CareerCup

Just calculate index performing arithmetic operations.
Range is limited from 1 to 10000 so in my opinion arithmetic operations are best way.
Code:

public static int findIndex(int n) {
	if (n < 10) {
	    return n - 1;
	} else if (n < 100) {
	    return (n - 10) * 2 + 9;
	} else if (n < 1000) {
	    return (n - 100) * 3 + 90 * 2 + 9;
	} else if (n < 10000) {
	    return (n - 1000) * 4 + 900 * 3 + 90 * 2 + 9;
	} else {
	    return 9000 * 4 + 900 * 3 + 90 * 2 + 9;
	}
}

To try to avoid the if statements and make it work for all N

static public int findIndex(int num)
        {
            int index = 0;
            int divider = 1;
            int factor = 1;
	    
            while (num / divider >= 10)
            {
                index = index + (divider * 10 - divider) * factor;
                divider = divider * 10;
                factor++;
            }
	    // handle the last case
            index = index + (num - divider) * factor;
            return index;

        }

You can use some basic string operations to get the index. Here i have used a string till 30 integers but it will work for N number of Integers too.

public static void main(String[] args) {
    String input="123456789101112131415161718192021222324252627282930";
    int index=21;
    int j=1;
    int k=0;
    int l=1;
    for(int i=0;i<input.length();i++){
      String s1=input.substring(k, k+j);
      if(Integer.parseInt(s1)==index){
        System.out.println("Index is "+k);
        break;
      }
      k=k+l;
      if(Integer.toString(i+1).length()+1==Integer.toString(i+2).length()){
        j++;
        l++;
      }

By the example, it seems the index begin with ZERO. (That is just a 1 value shift. :p)
There is just a simple formula to get the index.
0-9, just 1 char
10-99, 2 chars
100-999, 3 chars...etc..
So, for input number, you can calculate how many chars before it based on the range.

And BTW, it is more interesting if trying to find the first substring which present the number.
For example, input 202 should return 29 because "2021..." matching to 202.

Slightly cleaner ( 1 fewer else statements )
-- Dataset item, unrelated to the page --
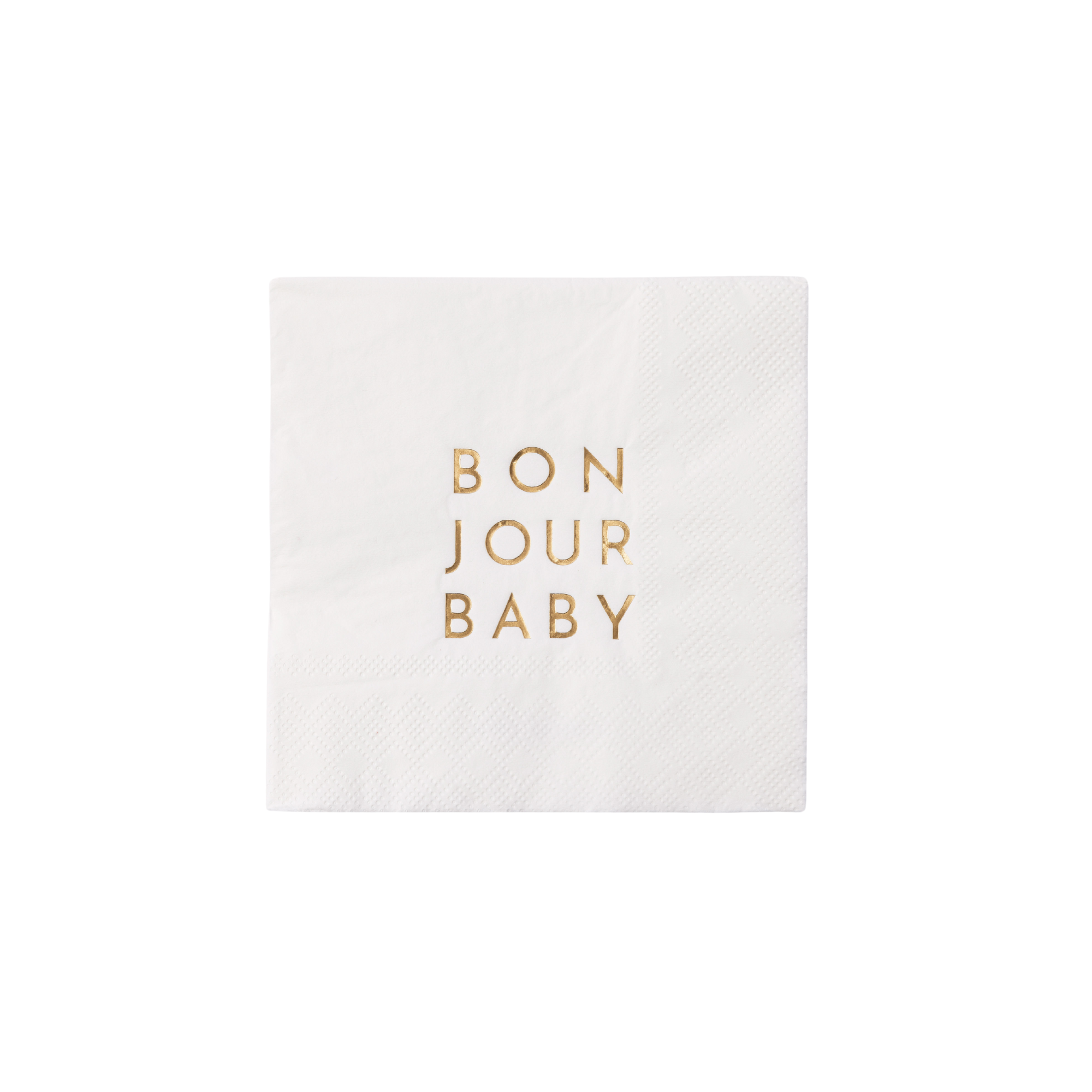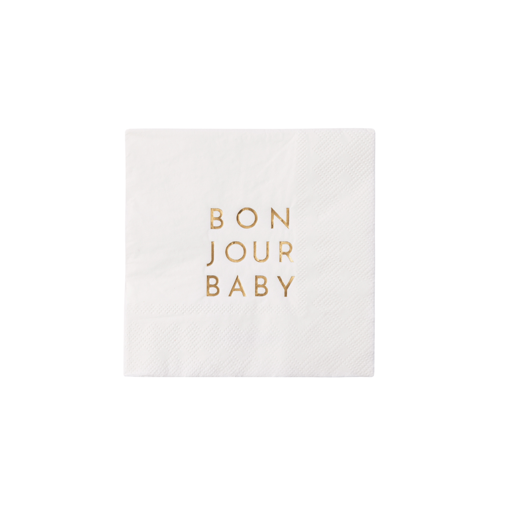 Our Bonjour Baby Blanc White Cocktail Napkins are the perfect accent to your baby shower party table. Adorned with sleek gold foil lettering, these modern French-inspired party supplies add a touch of sophistication to any baby shower celebration. Welcome, little one!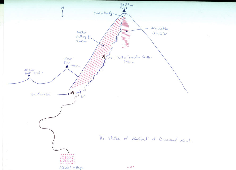 (2700 m). Start off our climb to reach Takht-e Fereidoun refuge at 4400 m

public static int findIndex(int n)
{
if (n <= 10) {
return n - 1;
} else if (n <= 100) {
return (n - 10) * 2 + 9;
} else if (n <= 1000) {
return (n - 100) * 3 + 90 * 2 + 9;
} else {
return (n - 1000) * 4 + 900 * 3 + 90 * 2 + 9;
}
}

public static int indexOf(String str, int val) {

char[] a1 = str.toCharArray();
char[] a2 = String.valueOf(val).toCharArray();

int i = a2[0];
int j = (a1.length - a2.length);

for (int k = 0; k <= j; k++) {
if (a1[k] != i) {
do {
k++;
} while ((k <= j) && (a1[k] != i));
}

if (k <= j) {
int m = k + 1;
int n = m + a2.length - 1;
for (int idx = 1; (m < n) && (a1[m] == a2[idx]);) {
m++;
idx++;
}
if (m == n) {
return k;
}
}
}
return -1;
}

You can get number of digits of a number without converting it to string but I will do it that way because JavaScript.

If you have number of digits then your index can be calculated like this:

For example for index of 102 you have:

9 x 1 digit
(90) x 2 digits
2 x 3digits

which is equal

(9*1)+(90*2)+(2*3)

function indexOf(number){
  var result = 0;
  var digits = number.toString().length;
  for(var i =1; i<digits; i++){
      result += i * 9 * (Math.pow(10,i-1)) ;
  }
  var remaining = number - Math.pow(10, digits-1);
  result += digits * remaining;

  return result;
}

public static void getIndex(int number){		
		int numberLength = (int)(Math.log10(number)+1);
		int index = 0;
		for(int i=numberLength;i>;0;i--){
			index = (int) (index + ((number - Math.pow(10,i-1)) * (i)));
			number = (int) Math.pow(10,i-1);
		}	
		System.out.println("Index :"+index);
	}

This can be solve using following formula

Σ(9x10pow(i) ) + ((n-10.pow(d-1) ) x d) where i = 0 to i < d and d = no. of digits in n

Correction to earlier formula -

(Σ((9x10pow(i)).(i+1) )) + ((n-10.pow(d-1) ) x d) where i = 0 to i < d-1 and d = no. of digits in n

//d = No Of digits In Given number
//n = given number;
sum = 0;
while(d >0)
{
x = pow(10, d-1);
sum = sum + (n - x) * d;
n = x;
d--;
}

//sum gives the index position for given number in the string.

eg:
n = 1234
d = 4

sum = (1234 - 1000) * 4 + (1000 - 100) * 3 + (100 - 10) * 2 + (10 - 1) * 1

this will work -

public static int GetDigitax(int a)
        {
            if(a <= 0){ return -1;}
            else
            {
                return GetDigitax(a - 1) + (a - 1).ToString().Length;
            }
        }

Hi,
What about if we have repetitive occurrences of the number, say 123 or 23, the I guess the first occurrence should be given as result.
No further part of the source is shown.